説明

ボタンスイッチ

【課題】遊技機のパネル面に設置され、小面積でかつ近接する二つのプッシュ面のうち少なくとも一つが照光可能に構成され、省スペース、高耐久性、メンテナンス性に優れるボタンスイッチを提供する。
【解決手段】遊技機のパネル面(2)の開口(2a)に係合し第1ボタン(10)及び第2ボタン(20)を備えるボタンスイッチにおいて、第1プッシュ面(11)及び第2プッシュ面(21)が上面から露出するようにこれらを弾発支持する筐体(30)と、この筐体(30)の下面を形成するとともに第1ボタン(10)及び第2ボタン(20)のそれぞれのオン状態/オフ状態を検知する電装部(40)と、パネル面(2)の開口(2a)に係止するよう筐体(30)の上面の外周に鍔状に設けられている鍔部位(31)とを、備えることを特徴とする。

【発明の詳細な説明】
【技術分野】
【0001】
本発明は、遊技機に用いられプッシュ面が照光可能なボタンスイッチに関し、特に一本の指で操作可能な程に近接した複数のボタンを備えるボタンスイッチに関するものである。
【背景技術】
【0002】
パチンコ、パチスロ、その他ゲーム機に代表される遊技機では、遊技者が操作して遊技を実行するボタンスイッチが、操作パネル上に設けられている。近年、多様な操作を求める遊技機が多く開発されるようになり、これに応じて多彩なボタンスイッチが操作パネル上に多数設けられるようになってきた。このため、遊技機のパネル面に設けられるボタンスイッチの集積度を向上させることが求められている。
【0003】
また、遊技機の操作上の排他的処理(例えば、掛け率の選択と決定、レースゲームのアクセルとブレーキ等)を実行する複数で一組のボタンを有するボタンスイッチは、一本の指でプッシュできるようにそのプッシュ面が小面積でかつ近接配置されていることが望まれる。
さらに、そのようなボタンスイッチは、他のボタンスイッチとの誤操作を防止したり、遊技者に操作を示唆したり、または装飾的効果を得るためにいずれか一つのボタンのプッシュ面が発光及び点滅して照光装飾されることが望ましい。

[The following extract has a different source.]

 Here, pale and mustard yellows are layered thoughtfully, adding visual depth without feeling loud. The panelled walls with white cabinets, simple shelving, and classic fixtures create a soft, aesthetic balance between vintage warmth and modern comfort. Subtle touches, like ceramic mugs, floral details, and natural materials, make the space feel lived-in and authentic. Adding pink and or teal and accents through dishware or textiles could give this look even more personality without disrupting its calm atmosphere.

そのような、省スペース型の従来の照光式ボタンスイッチは、プッシュ面が小面積の照光式シングルボタンスイッチ(例えば、特許文献1参照)を複数並べて配置することにより実現されていた。
【特許文献1】特開平9−35573号公報(図7)
【発明の開示】
【発明が解決しようとする課題】
【0004】
しかし、そのような小面積のボタンスイッチを近接させて並べてパネル面に配置することは、取付部分の機械的強度の低下が避けられず、過激な殴打が繰り返し与えられる遊技機用のボタンスイッチにとって、耐久性低下の問題がある。

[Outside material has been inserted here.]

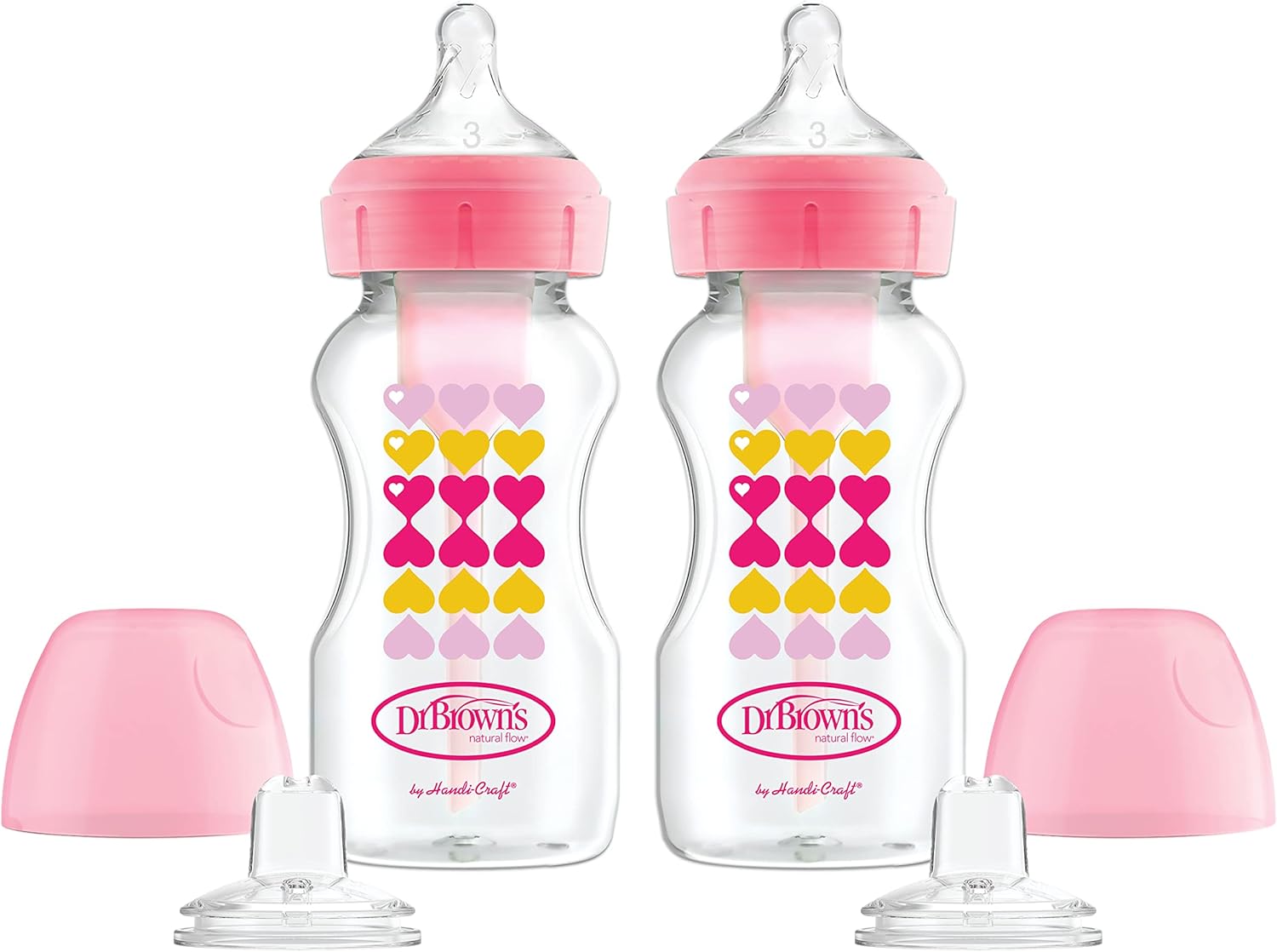 Dr. Brown’s Anti-Colic Options+ Wide-Neck Sippy Bottle Starter Kit, 9oz/270mL, with Level 3 Medium-Fast Flow Nipple and Soft 100% Silicone Sippy Spout, Pink, BPA Free, 6m+, 2 Pack

また、そのような特有な事情を有する遊技機のボタンスイッチにおいては、それ自身の耐久性も高いことが望まれるところ、省スペース化を目的とする従来のボタンスイッチにおいては、配慮に欠ける問題がある。
そして、構成部品の大部分がモジュール化され、フレームにこれらモジュールが嵌めこまれるようにして構成される遊技機においては、ボタンスイッチが多数配置されて各ボタン毎に電源や信号を処理する電子部品及び配線引き回しが伴うことは、設計レイアウトの自由度が制限される問題がある。

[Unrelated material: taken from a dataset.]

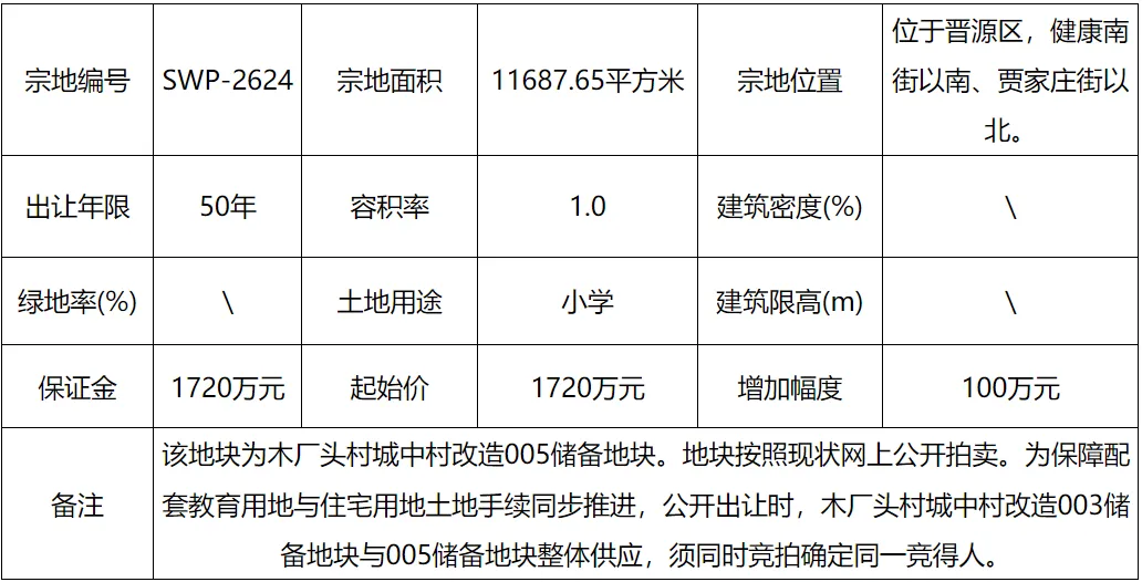 宗地编号SWP-2624,出让面积11687.65平方米(17.53亩),宗地位于晋源区,健康南街以南、贾家庄街以北。土地用途为小学用地。

また、遊技機のメンテナンスは、ボタンスイッチを取り外して行う場合が多いところ、小面積で省スペースの従来のボタンスイッチにおいては、その着脱が容易でない問題がある。
【0005】
本発明は、以上の問題点を解決することを課題としてなされたものであり、小面積でかつ近接する二つのプッシュ面のうち少なくとも一つが照光可能に構成された遊技機用のボタンスイッチにおいて、省スペース、耐久性、メンテナンス性に優れるボタンスイッチを提供するものである。
【課題を解決するための手段】
【0006】
本発明は、前記した課題を達成するために創案されたものであり、遊技機のパネル面の開口に係合し第1ボタン及び第2ボタンを少なくとも備えるボタンスイッチにおいて、前記第1ボタン及び前記第2ボタンのそれぞれの第1プッシュ面及び第2プッシュ面が上面から露出するようにこれらを弾発支持する筐体と、前記筐体の下面を形成するとともに前記第1ボタン及び前記第2ボタンのそれぞれのオン状態/オフ状態を検知する電装部と、前記パネル面の前記開口に係止するよう前記筐体の上面の外周に鍔状に設けられている鍔部位とを、備えることを特徴とする。
【0007】
このような手段から発明が構成されることにより、遊技機の操作パネル面に複数のボタンのレイアウトに対応する開口を設ければ、この開口に対して挿抜することにより容易に着脱できメンテナンス性に優れるボタンスイッチが提供される。さらに遊戯機の外部から視認されないパネル面下においても占有領域の小さな省スペースのボタンスイッチが提供される。
【0008】
さらに前記ボタンスイッチの発明において、前記筐体は前記第1ボタンを弾発する第1弾発部材及びこの第1ボタンを収納する第1収納室を有し、前記第1ボタンは、前記第1収納室に摺接する移動子と、前記移動子に設けられ前記第1収納室の第1係止部位に係止することをもって前記第1ボタンの上死点を規定する第1係止片と、前記移動子に設けられ前記第1収納室の第1当接面に当接することをもって前記第1ボタンの下死点を規定する当接鍔とを、備えることを特徴とする。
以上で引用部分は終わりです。